Olympics show golden age of metal music
A thundering performance by thrash metal band Gojira at the Olympics opening ceremony shows how much the demonic-sounding genre has entered the pop culture mainstream.
The head-banging foursome gave a unforgettable performance on the balconies of the historic Conciergerie palace along the banks of the Seine on Friday night with a song evoking the guillotine executions of the French Revolution.
They were joined by opera singer Marina Viotti, for "Ah! Ca ira" ("Ah!
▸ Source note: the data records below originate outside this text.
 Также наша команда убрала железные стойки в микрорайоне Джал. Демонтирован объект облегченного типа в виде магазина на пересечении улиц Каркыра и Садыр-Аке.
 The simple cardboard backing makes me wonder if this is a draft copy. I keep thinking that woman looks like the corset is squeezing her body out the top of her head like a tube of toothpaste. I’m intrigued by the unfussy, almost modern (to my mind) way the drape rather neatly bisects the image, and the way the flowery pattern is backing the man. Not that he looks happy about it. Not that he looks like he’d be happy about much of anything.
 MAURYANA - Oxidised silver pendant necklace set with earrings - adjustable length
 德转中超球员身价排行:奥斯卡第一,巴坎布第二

It'll be fine"), based on the famous revolutionary song of the 1790s.
Viotti was still riding high from her appearance in front of more than a billion TV viewers when AFP spoke to her on Monday.
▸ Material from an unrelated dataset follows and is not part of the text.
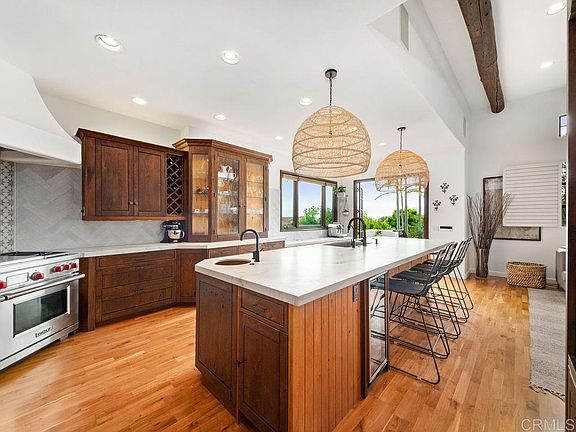 Absolutely stunning Del Mar Heights home, ready to be yours just in time for Summer! As you enter this beautiful contemporary Spanish masterpiece, the entry pillars & exposed wooden beams on the ceiling will have you in awe. Make your way to the meticulously designed chef's kitchen, where top of the line finishes & appliances will have you surely wanting to cook every meal at home. The top floor master suite, complete with ocean views and a private deck, will undoubtedly be your favorite place to unwind.

"It's dizzying," the 38-year-old French-Swiss mezzo-soprano said.
Viotti has dates coming up at Milan's La Scala and the Paris Opera, but she is no stranger to metal, having performed with groups Lost Legacy and Soulmaker.
She was overjoyed to bring the music to a wider audience.
"I've read comments on social networks saying 'I never listen to metal but, this one, it's great, it gave such energy to the show,'" she said.
She hopes it will help change the image of metal and finally rid the genre of its "Satanist" or "violent" cliches.
A surprise inclusion in the Olympics show, Gojira are a French band that have won over metalheads around the world with their pulverising guitars and earth-shattering drums.
"It's crazy, a very nice surprise and a world first for metal," said Corentin Charbonnier, a doctor in anthropology and a French researcher on metal music.
"Right now, we're living in a golden age for metal," he said.
Charbonnier helped curate France's largest-ever exhibition about the genre at -- of all places -- the Paris Philharmonic, which is running until September 29.
Metal is usually traced back to English group Black Sabbath in the early 1970s, merging with glam in the form of Kiss around a decade later and finding its textbook form with US band Metallica in the 1980s and 1990s.
It is now a fully established genre even in France, with a dedicated festival -- Hellfest -- that attracted around 240,000 fans to its latest edition last month.
Metallica headlined the festival for the second time in three years.
"What is interesting in the current revival of metal culture is that some want to be recognised and others want to stay in the shadows, in the counter-culture," Charbonnier said.
The Olympics show has perhaps made it harder to stay niche -- Gojira saw their Spotify streaming numbers jump by 282 percent in France over the weekend, and 129 percent worldwide.
"Some people worry that we risk losing the essence of the music" if it grows too mainstream, Viotti said.
"But, in my eyes, we must move in the direction of union, gathering, sharing, building bridges."